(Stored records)
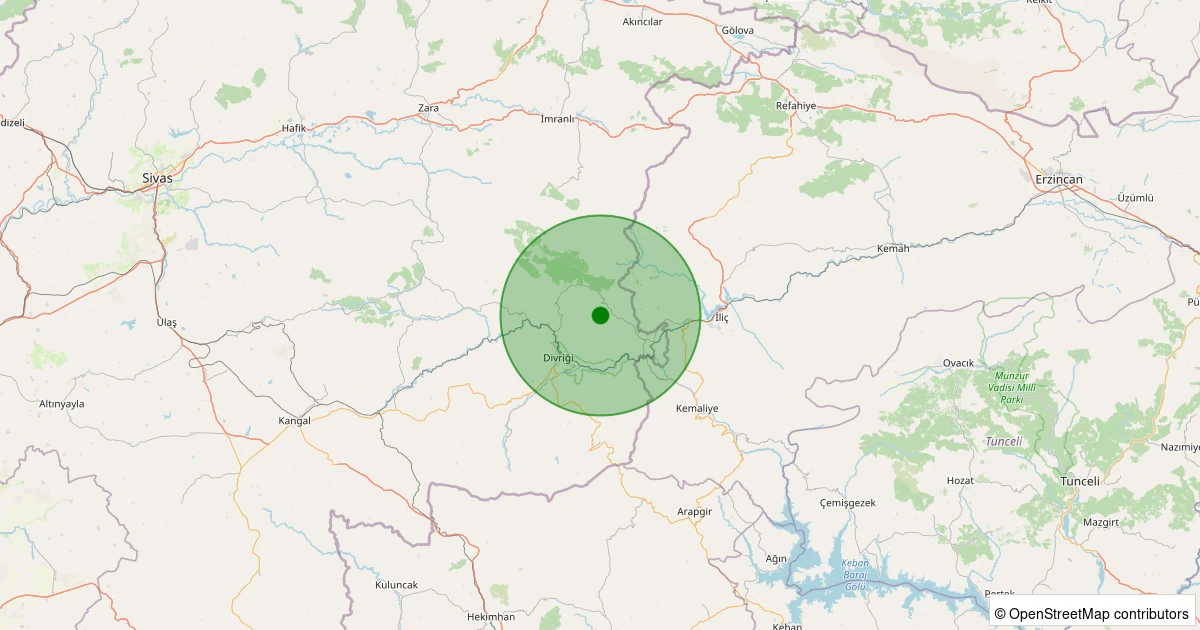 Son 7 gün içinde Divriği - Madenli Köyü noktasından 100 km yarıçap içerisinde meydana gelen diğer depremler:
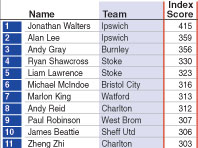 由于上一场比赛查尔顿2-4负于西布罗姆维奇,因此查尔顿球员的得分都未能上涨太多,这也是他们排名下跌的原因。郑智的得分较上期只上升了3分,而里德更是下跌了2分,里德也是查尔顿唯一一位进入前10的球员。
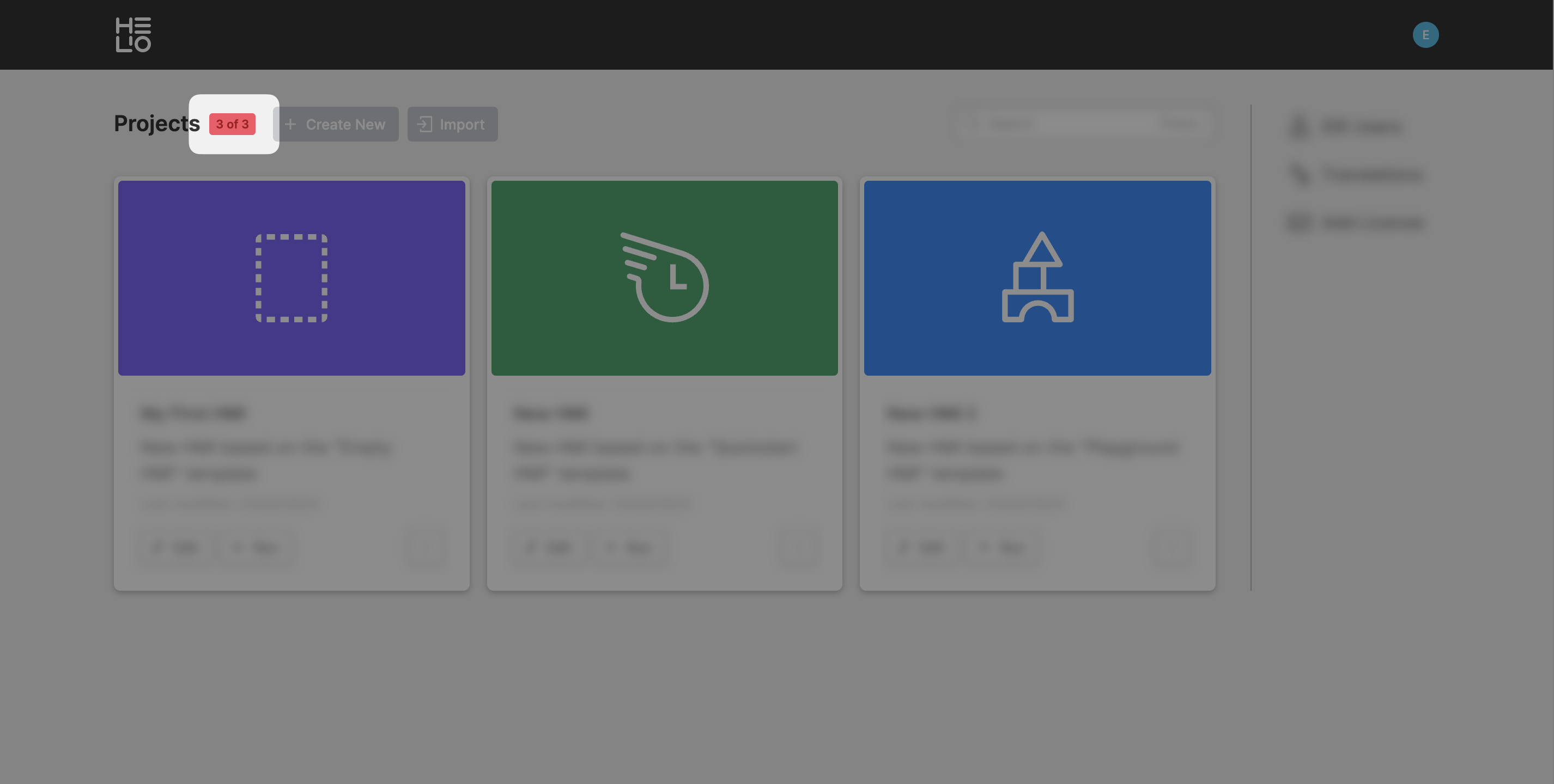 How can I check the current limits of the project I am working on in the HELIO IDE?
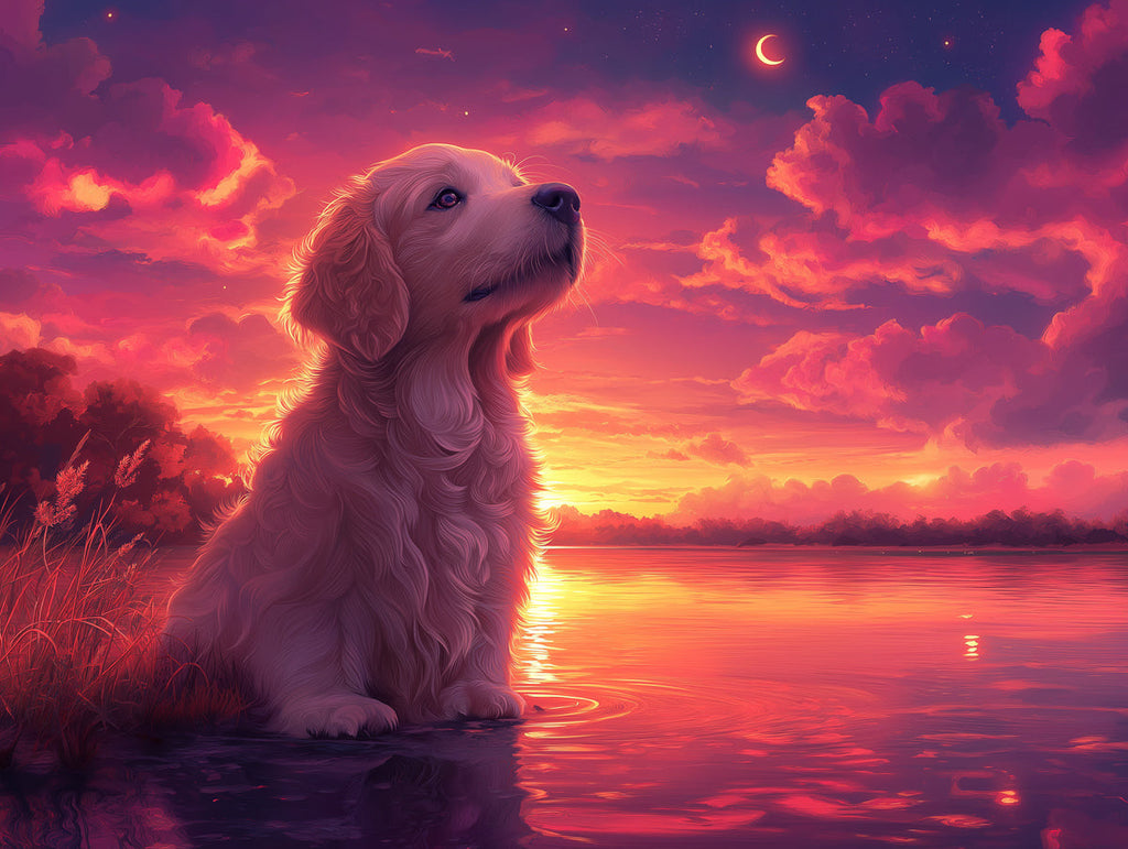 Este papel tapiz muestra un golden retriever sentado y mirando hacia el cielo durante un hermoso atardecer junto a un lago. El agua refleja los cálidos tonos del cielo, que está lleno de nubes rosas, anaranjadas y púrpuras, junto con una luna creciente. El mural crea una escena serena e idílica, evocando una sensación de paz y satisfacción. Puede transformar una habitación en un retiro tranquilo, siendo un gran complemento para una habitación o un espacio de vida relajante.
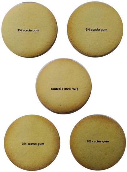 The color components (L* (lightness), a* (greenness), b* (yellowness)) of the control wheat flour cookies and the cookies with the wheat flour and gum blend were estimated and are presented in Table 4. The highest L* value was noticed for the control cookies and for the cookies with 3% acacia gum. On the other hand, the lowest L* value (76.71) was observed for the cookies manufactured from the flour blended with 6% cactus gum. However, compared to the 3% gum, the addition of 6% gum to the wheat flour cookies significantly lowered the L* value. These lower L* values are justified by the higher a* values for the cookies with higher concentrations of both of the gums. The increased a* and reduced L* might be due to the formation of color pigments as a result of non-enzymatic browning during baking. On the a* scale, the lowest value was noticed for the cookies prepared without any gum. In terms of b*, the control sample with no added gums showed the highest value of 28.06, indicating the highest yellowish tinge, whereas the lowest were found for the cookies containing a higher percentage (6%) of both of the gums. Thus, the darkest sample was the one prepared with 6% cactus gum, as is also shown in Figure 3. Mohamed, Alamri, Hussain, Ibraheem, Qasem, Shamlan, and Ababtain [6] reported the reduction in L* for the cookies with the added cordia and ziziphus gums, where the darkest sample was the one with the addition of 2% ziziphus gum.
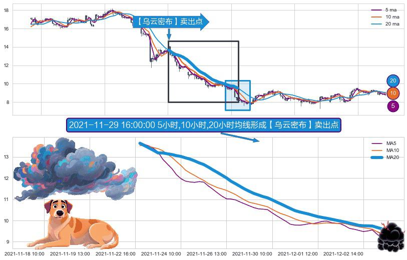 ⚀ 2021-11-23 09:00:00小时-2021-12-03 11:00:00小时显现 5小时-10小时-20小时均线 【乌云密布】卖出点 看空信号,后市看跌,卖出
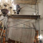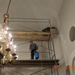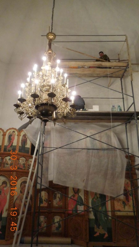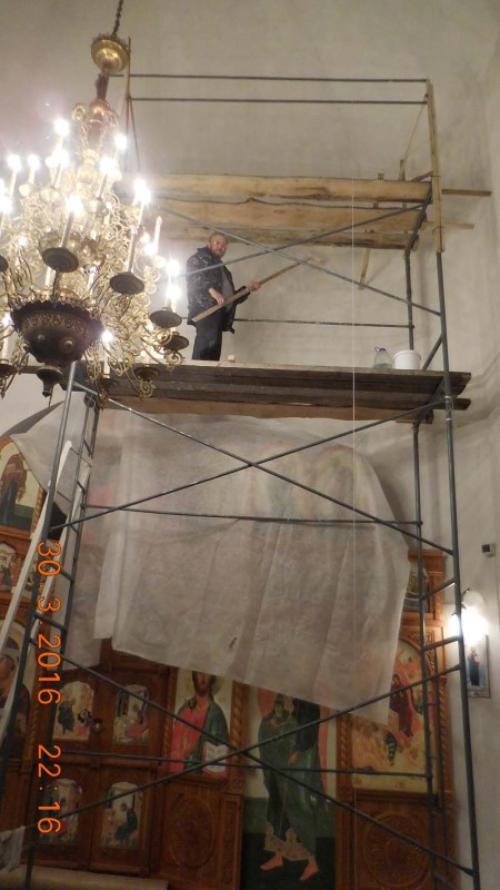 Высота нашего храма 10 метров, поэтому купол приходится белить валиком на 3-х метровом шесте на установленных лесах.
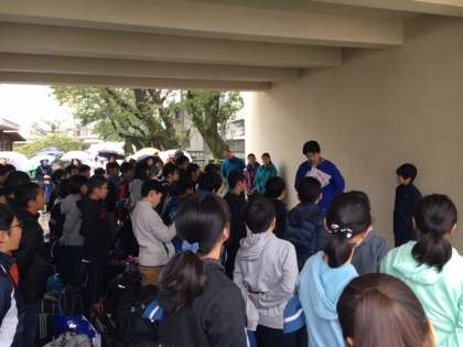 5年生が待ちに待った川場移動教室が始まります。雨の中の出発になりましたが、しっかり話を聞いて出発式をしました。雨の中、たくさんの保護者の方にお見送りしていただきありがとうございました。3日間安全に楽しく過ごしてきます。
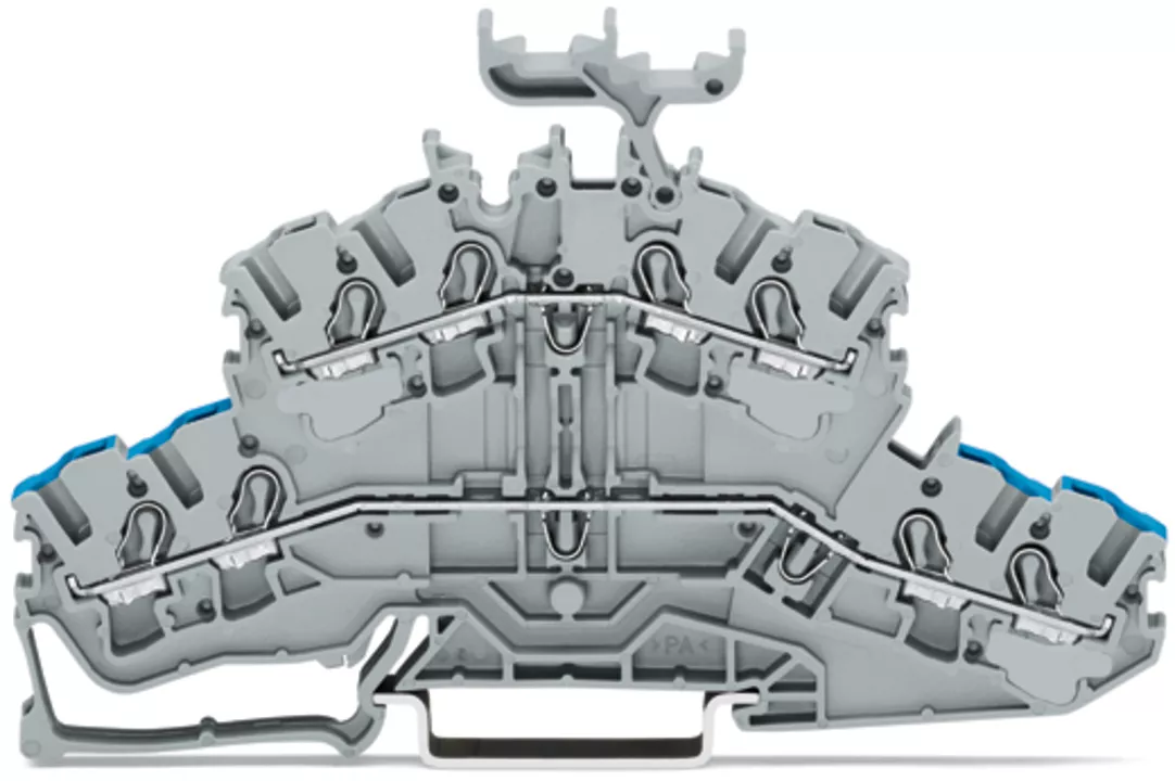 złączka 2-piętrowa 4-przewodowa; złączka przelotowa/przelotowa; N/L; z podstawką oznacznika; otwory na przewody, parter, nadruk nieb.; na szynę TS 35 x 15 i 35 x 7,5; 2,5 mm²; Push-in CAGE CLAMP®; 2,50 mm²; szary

## WHAT YOU SHOULD DO
Through the line containing "Este papel tapiz" and no further, restate the data above word for word from its first line, leaving out pictures.

## RESPONSE BOX
 Son 7 gün içinde Divriği - Madenli Köyü noktasından 100 km yarıçap içerisinde meydana gelen diğer depremler:
 由于上一场比赛查尔顿2-4负于西布罗姆维奇,因此查尔顿球员的得分都未能上涨太多,这也是他们排名下跌的原因。郑智的得分较上期只上升了3分,而里德更是下跌了2分,里德也是查尔顿唯一一位进入前10的球员。
 How can I check the current limits of the project I am working on in the HELIO IDE?
 Este papel tapiz muestra un golden retriever sentado y mirando hacia el cielo durante un hermoso atardecer junto a un lago. El agua refleja los cálidos tonos del cielo, que está lleno de nubes rosas, anaranjadas y púrpuras, junto con una luna creciente. El mural crea una escena serena e idílica, evocando una sensación de paz y satisfacción. Puede transformar una habitación en un retiro tranquilo, siendo un gran complemento para una habitación o un espacio de vida relajante.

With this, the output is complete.